The county is also testing out an evaluation model that takes what’s called a “performance task approach” to measuring learning. Last year as part of a pilot study, a sampling of students took the College and Work Readiness Assessment, or CRWA. Designed by the New York City-based Council for Aid to Education, it presents students with a packet of materials they must process and use to make an argument or solve a problem, thereby testing critical thinking and analytical reasoning—better indicators of an educated student base than most standardized tests can get at, Haas said.
This concept isn’t new, but there’s a reason it’s not more widely used already, he said: “It’s more costly, and it’s more time consuming.”
For her part, Rosa Atkins is tired of treading over familiar ground.
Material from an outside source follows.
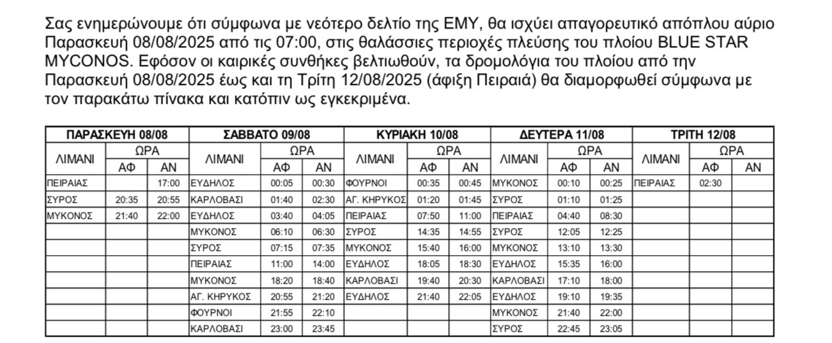 Εφόσον οι καιρικές συνθήκες βελτιωθούν, τα δρομολόγια του πλοίου θα διαμορφωθούν ως εξής, για το διάστημα από σήμερα, Παρασκευή 8 Αυγούστου, έως και την Τρίτη 12 Αυγούστου 2025:

We should know by now, she said, that learning isn’t one-size-fits-all. Too much emphasis on comparability runs counter to a philosophy she said ought to be central in education: that schools should reflect the needs and values of the communities they serve. Ignore that, and you’ll only be pointing out and reinforcing disparities. “Children don’t need to be reminded that they’re poor,” she said. “They live it every day.”
Assessment isn’t inherently bad, Atkins said—a point stressed by other administrators and academics. A publicly funded compulsory education system must have oversight, transparency, and accountability. But we have to make sure we’re asking the right questions.
“When we start isolating communities and young people, and we’re talking about young people continuously as failures, we have a very dangerous situation,” she said. “We need a measure that holds everyone accountable, not one that separates us into good and bad.”